**Task details:** Transcribe the lines below exactly. No image belongs in the transcription.

**Input data:**

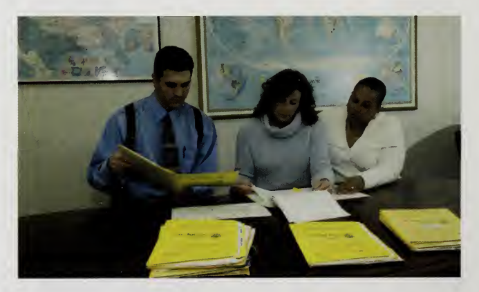
Staff members in IES' Enforcement Operations Branch participate in a response team to quickly process cases for submission to USDA's Office of the General Counsel.
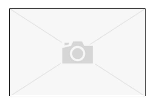
Figure X Title of image or [Description of image]
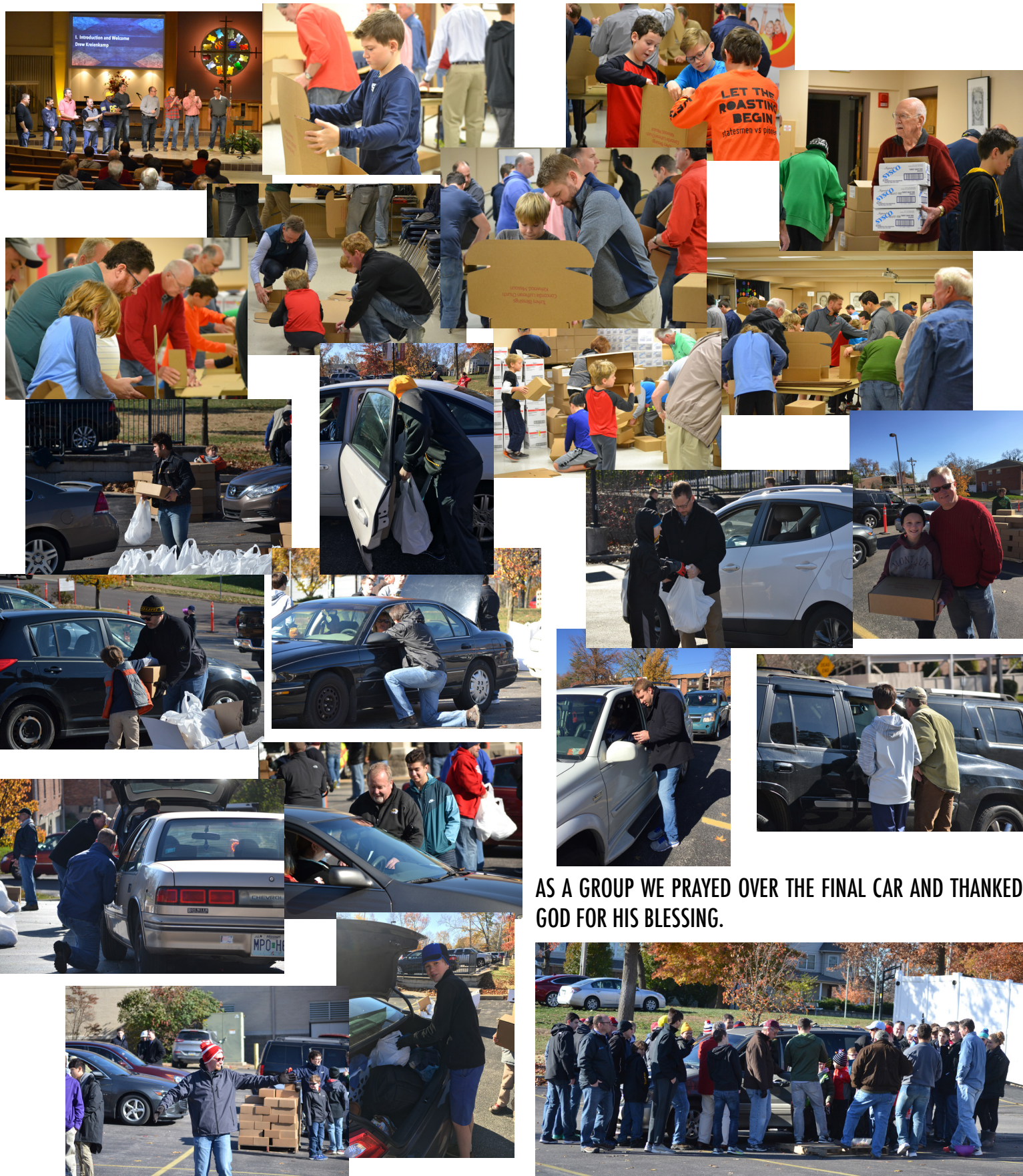
AS A GROUP WE PRAYED OVER THE FINAL CAR AND THANKED GOD FOR HIS BLESSING.

**Task answer:**
Staff members in IES' Enforcement Operations Branch participate in a response team to quickly process cases for submission to USDA's Office of the General Counsel.
Figure X Title of image or [Description of image]
AS A GROUP WE PRAYED OVER THE FINAL CAR AND THANKED GOD FOR HIS BLESSING.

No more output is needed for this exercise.